_WHAT THE EXERCISE ASKS_: Look for the word "edges". Copy every line of the listing where it occurs.

_DATA SHOWN_:
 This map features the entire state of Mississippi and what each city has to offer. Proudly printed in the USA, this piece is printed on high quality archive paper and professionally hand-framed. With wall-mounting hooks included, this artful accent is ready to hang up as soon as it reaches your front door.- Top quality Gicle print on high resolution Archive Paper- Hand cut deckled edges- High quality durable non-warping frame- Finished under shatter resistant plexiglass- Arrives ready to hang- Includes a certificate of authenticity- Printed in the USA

...

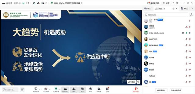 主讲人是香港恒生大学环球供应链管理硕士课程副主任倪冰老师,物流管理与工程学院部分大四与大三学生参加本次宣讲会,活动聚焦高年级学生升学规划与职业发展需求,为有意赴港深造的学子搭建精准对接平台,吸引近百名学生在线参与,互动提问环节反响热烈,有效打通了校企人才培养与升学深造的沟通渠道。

...

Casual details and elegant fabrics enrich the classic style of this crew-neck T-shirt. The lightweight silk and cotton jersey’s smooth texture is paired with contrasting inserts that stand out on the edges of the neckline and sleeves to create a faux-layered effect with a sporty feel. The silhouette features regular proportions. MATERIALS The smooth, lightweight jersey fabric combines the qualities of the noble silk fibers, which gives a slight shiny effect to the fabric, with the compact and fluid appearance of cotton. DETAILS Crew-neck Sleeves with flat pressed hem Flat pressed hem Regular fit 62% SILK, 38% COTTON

_RESPONSE TO THE TASK_:
 This map features the entire state of Mississippi and what each city has to offer. Proudly printed in the USA, this piece is printed on high quality archive paper and professionally hand-framed. With wall-mounting hooks included, this artful accent is ready to hang up as soon as it reaches your front door.- Top quality Gicle print on high resolution Archive Paper- Hand cut deckled edges- High quality durable non-warping frame- Finished under shatter resistant plexiglass- Arrives ready to hang- Includes a certificate of authenticity- Printed in the USA
Casual details and elegant fabrics enrich the classic style of this crew-neck T-shirt. The lightweight silk and cotton jersey’s smooth texture is paired with contrasting inserts that stand out on the edges of the neckline and sleeves to create a faux-layered effect with a sporty feel. The silhouette features regular proportions. MATERIALS The smooth, lightweight jersey fabric combines the qualities of the noble silk fibers, which gives a slight shiny effect to the fabric, with the compact and fluid appearance of cotton. DETAILS Crew-neck Sleeves with flat pressed hem Flat pressed hem Regular fit 62% SILK, 38% COTTON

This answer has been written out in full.